Sound is an essential aspect of how we experience the world. More than simply conveying information about sound and motion in the external world, it informs our sense of the space around us, and no experience can be immersive without it.

Headphones

VR HMDs are designed to be compatible with headphones. Like the headset itself, headphones have the effect of excluding the outside world and immersing you in the virtual world. With headphones, you can also hear quiet sounds, ambient sounds, and get very accurate directional audio, which is essential for some games.

Speakers

However immersive they are, headphones can also create a closed-in feeling, depriving us of the sense of space and openness that we experience in the real world. Some VR setups involve placing speakers around the VR play area, so that sound really does surround us and seem to be coming from the environment. Of course, this means that VR sound also mingles with real-world sound.

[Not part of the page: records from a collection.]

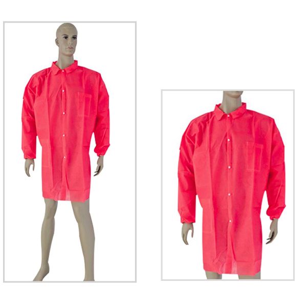 Disposable Red Color Clean Room Button Front Short Sleeve Lab Coats
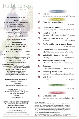 TRUTH & TIDINGS GOSPEL TRUST, USA Volume 78, Number 3
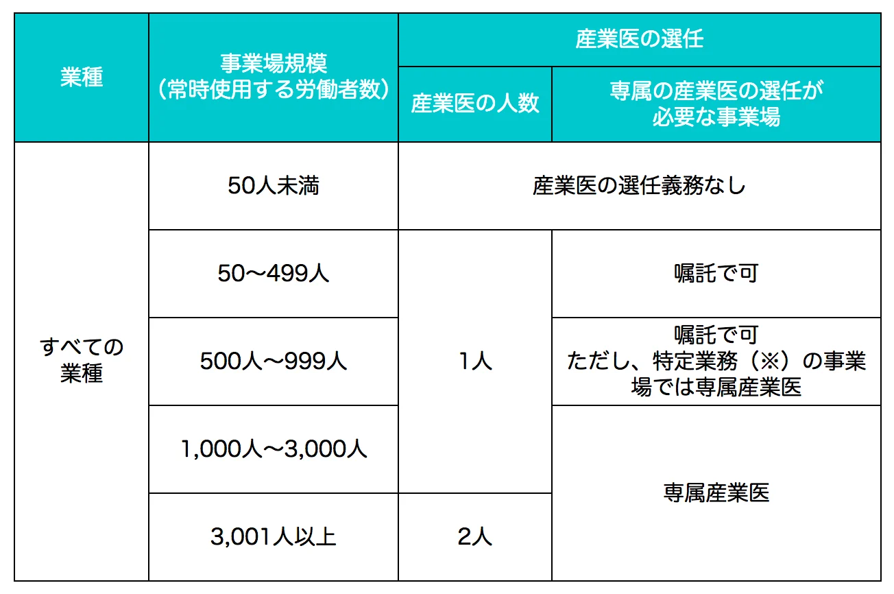 事業場単位でその労働者数規模により選任する産業医の人数と選任形態が下表のように決められています。
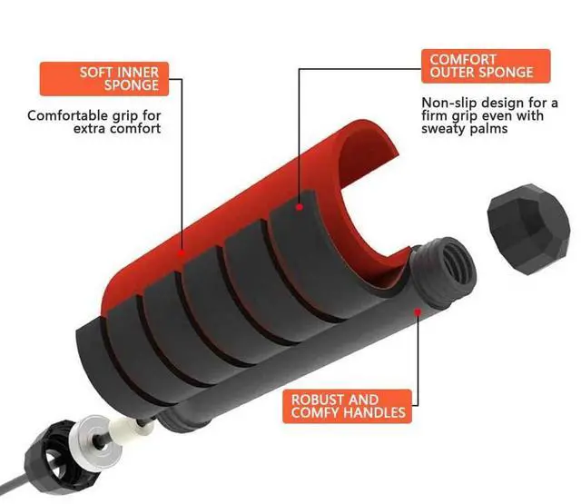 The 6-inch memory foam handle is comfortable to hold and provides a secure grip, preventing blisters or discomfort even during high-intensity training,avoids cracking or breaking.
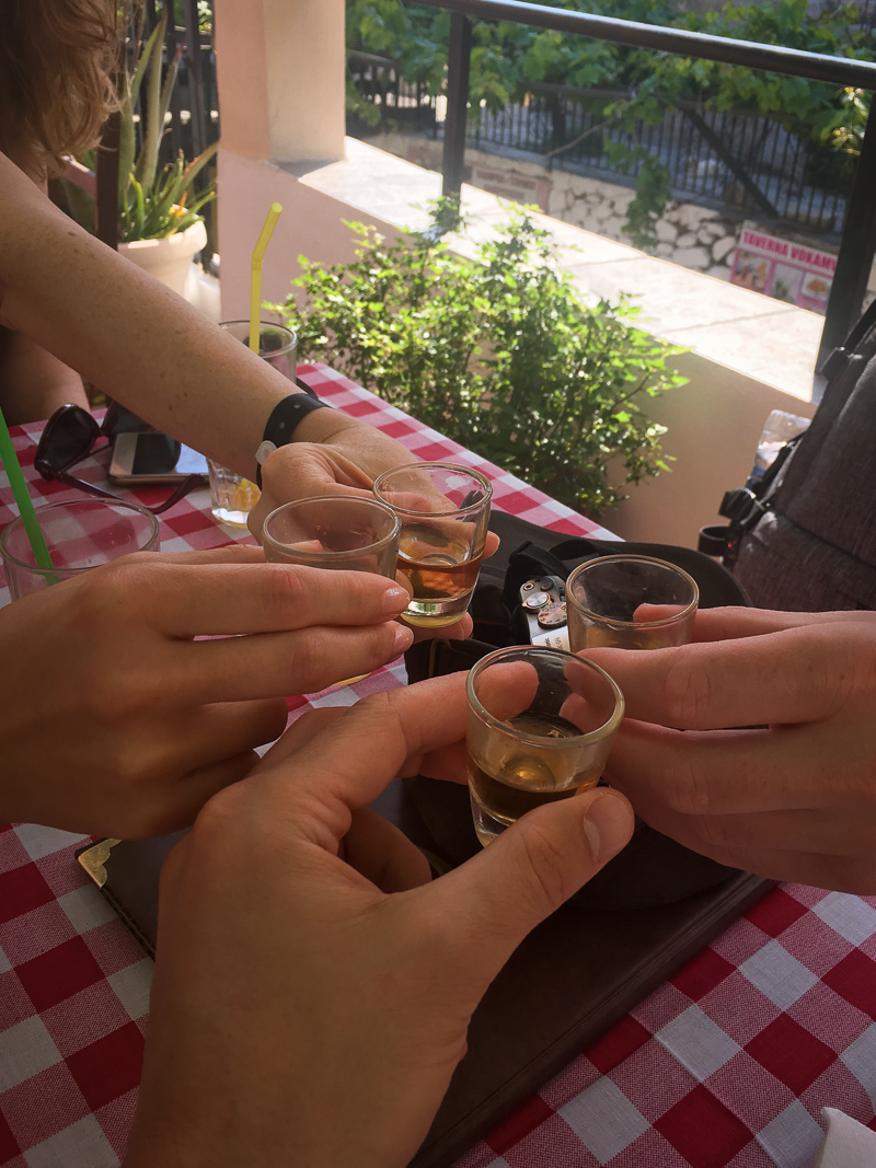 Et impossible de dire non au patron qui offre volontiers sa tournée de rakomelo artisanal (oui, même à 16h en plein cagnard. T’es un aventurier, ou bien ?)
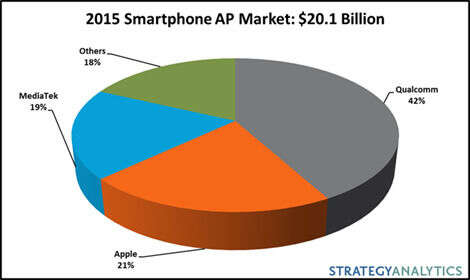 根据Strategy Analytics周五发布的数据:苹果把持了21%的智能机处理器市场,下滑了4个百分点至201亿美元;高通的份额为42%;联发科则是19%。尽管高通骁龙处理器有很大的市场基础,但其在2015年面临的激烈的竞争(包括三星的出货翻番)。英特尔顺利增长了66%,但仍仅占1个百分点。
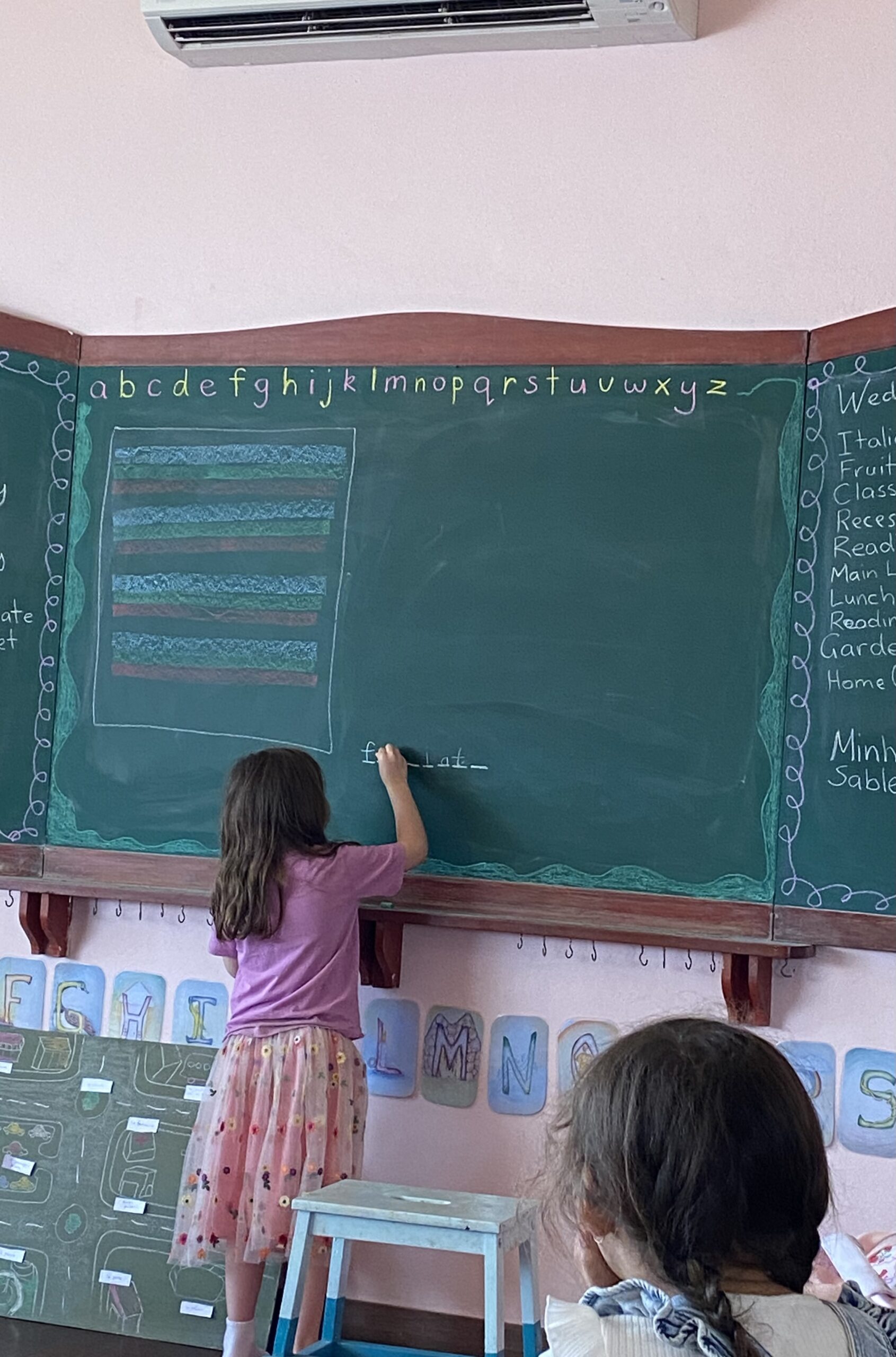 Afternoons included frozen oranges enjoyed on the carpet, a simple pleasure in the warmer days. We are always grateful for fruit contributions such as apples, oranges, watermelon or grapes to freeze and share. These small offerings are received with great delight whenever you happen to have extra.

For some people, this can be reassuring, since it means that they will be able to hear someone talking to them, or a phone notification, and remain alert to their real-world surroundings. For some, it detracts from the illusion of virtual reality.

Summary

Virtual reality goggles use the technologies that present a wide field of view, with stereoscopic imagery that presents a virtual environment with the same visual persuasiveness as the real world. Motion-tracking capabilities allow you to move your head, and sometimes your whole body, in this virtual world, and have the simulation respond appropriately. VR cameras, trackers, and sensors perceive your motion and provide the right visual feedback. VR controllers allow your hands to interact with objects in this world and affect the virtual environment. And VR audio makes the visual experience as rich, compelling, detailed, and immersive as the real world.

While you can look at a virtual world with goggles alone, the resulting experience isn’t much more advanced or sophisticated than wearing 3D glasses. In order to suspend disbelief and feel as though you are transported to a virtual world, you need the technologies that at least respond to your head movement, and the audio that immerses you in the space. To move around and interact with this virtual world, you need spatial motion tracking and some form of controller.

The most advanced VR systems use advanced controllers, and devices like treadmills, to expand your possibilities in virtual reality. And we are still at the early stages of this technology, with more to come.